Recently one of my "e-mail pals" (if that's what we have nowadays instead of pen pals) told me about a poetry writing teacher she'd had who banned the words "huddle" and "ooze." I can understand objecting to "ooze" if that word had been beaten to death because she was teaching a horror-themed course, but that wasn't the case. And what in the name of the Great Horn Spoon is wrong with "huddle"? The same instructor also maintained, against all established conversational practice, that books can't sit on shelves, chairs in corners, etc. because only living creatures "sit." Since when?
I've run into several examples of such quirks—"rules" that spring from nowhere, as far as I could tell, insisted on by editors or other writing authorities. One of my editors declares that "stand up" and "sit down" are always redundant and deletes the preposition whenever it sneaks into those phrases. I believe sometimes a legitimate distinction needs to be made between the static position of sitting or standing and the process of moving into one of those positions. Another editor (different publisher) forbids inanimate possessives, holding that only people or animals can support an apostrophe followed by S. That "rule" came as a shock to me, in view of our habitual use of inanimate possessives in casual conversation and numerous literary counter-examples. What about the rockets' red glare, dawn's early light, the twilight's last gleaming, the church's one foundation, Land's End, a stone's throw away, New Year's Eve, and a Midsummer Night's Dream? Yet another of my editors disallows the S on the end of "backwards," a perfectly legitimate word sometimes more colloquially fitting than "backward." In fact, the two words can have a substantive difference in meaning, as when "backward" signifies a lack of mental capacity.

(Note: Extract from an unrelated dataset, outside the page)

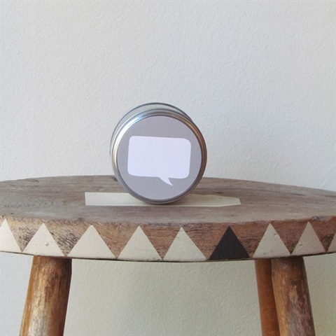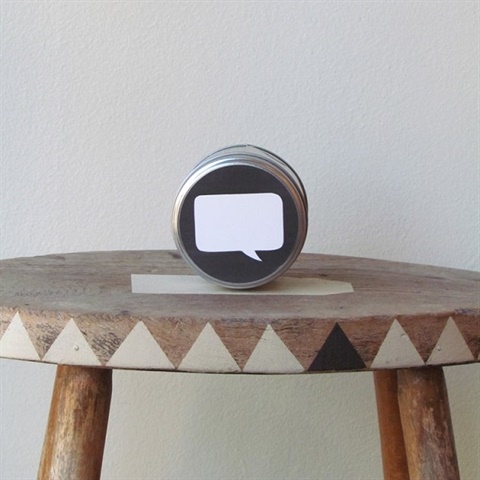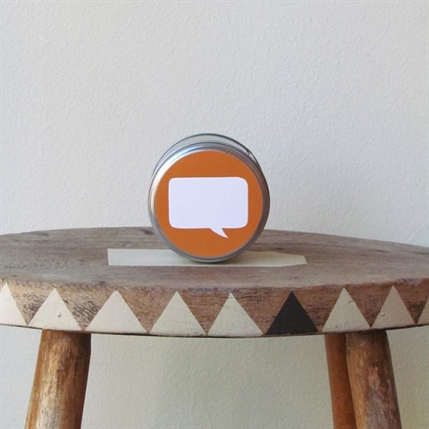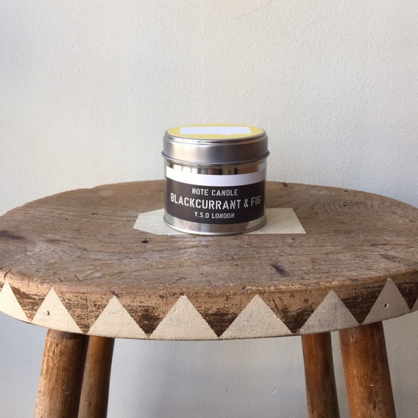 Yukari Sweeney Design London Soy-based candle with a gentle and relaxing Blackcurrant & Fig scent. Speech bubble left blank for your own message! A beautiful and calming scent that is hand poured in the UK. Labels come in 4 different colors: Yellow, Orange, Light Grey, and Dark Grey--> Indicate in the instructions section at checkout your preferred label color. Full safety and care instructions on base of tin. Burn time approx 25hrs Tin size 7CM by 6.5CM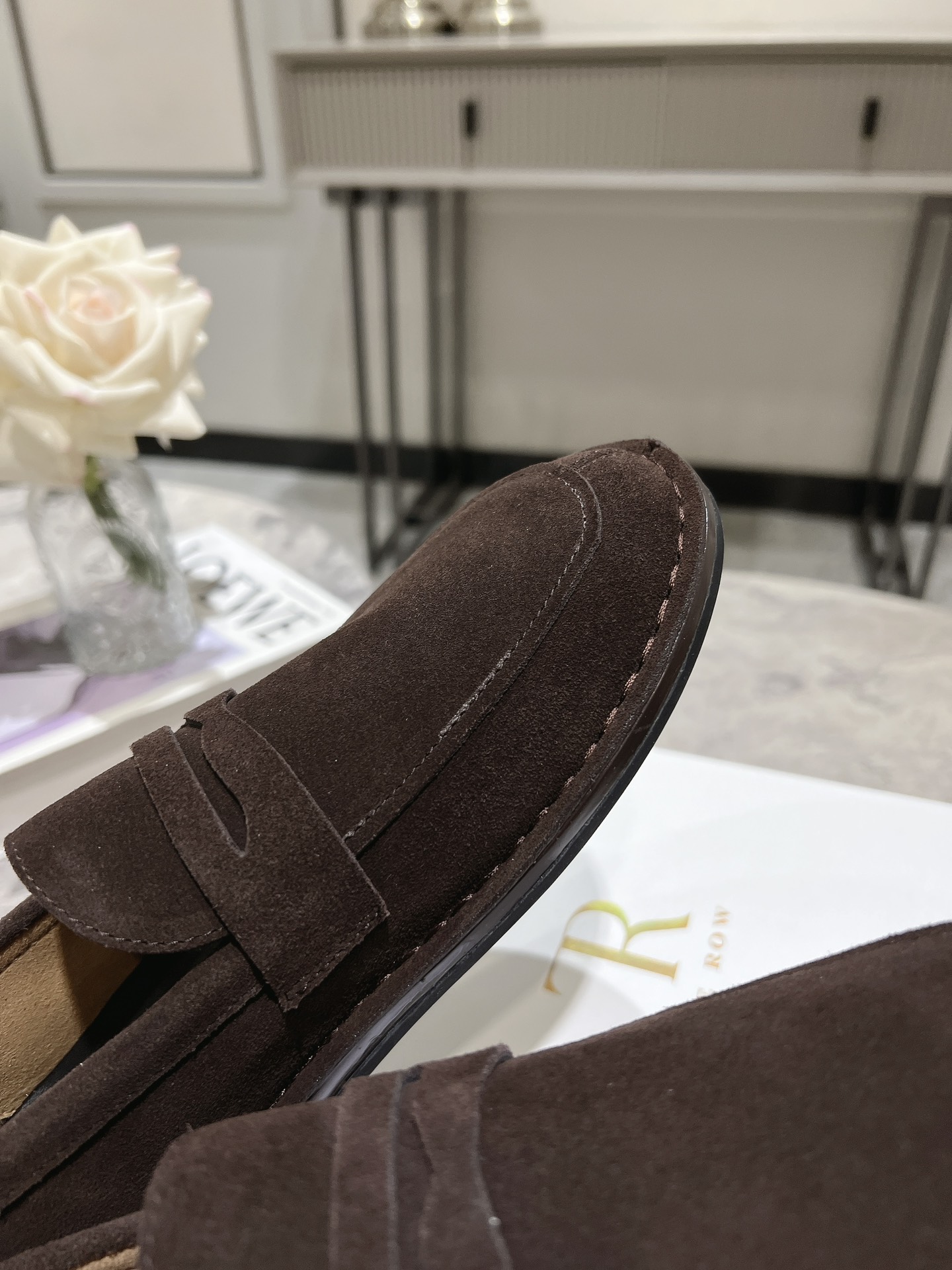 这款鞋子是AAAAA 1:1 质量 (非常棒). 使用了和原版一模一样的材料. 商标部分也保持了和The Row一样. 图片拍摄是实物鞋子拍摄, 您所收到的实物保证和我们图片一模一样.

More widespread is the notion that one shouldn't start a sentence with "and" or "but," despite countless sentences beginning with "and" in the Bible and Shakespeare. That "rule" makes no grammatical sense, because these are coordinating conjunctions (not subordinating), so of course they can introduce an independent clause, which can stand alone as a sentence. Like any other stylistic device, starting a sentence with these conjunctions shouldn't be overdone, but it's absurd to shun them altogether. Similarly, by now everybody probably realizes there's no legitimate rule against splitting infinitives in English (that prohibition was borrowed from Latin, in which an infinitive is a single word, as in modern German or French). It's usually best avoided because of awkwardness, but sometimes splitting the infinitive is the only way to construct a smoothly flowing or clearly understandable sentence. Would "boldly to go where no one has gone before" sound as impressive as "to boldly go"?
Too many contemporary American published books contain enough cringe-making grammatical and stylistic errors to occupy us usage purists for a lifetime, without piling on additional "rules" of dubious validity.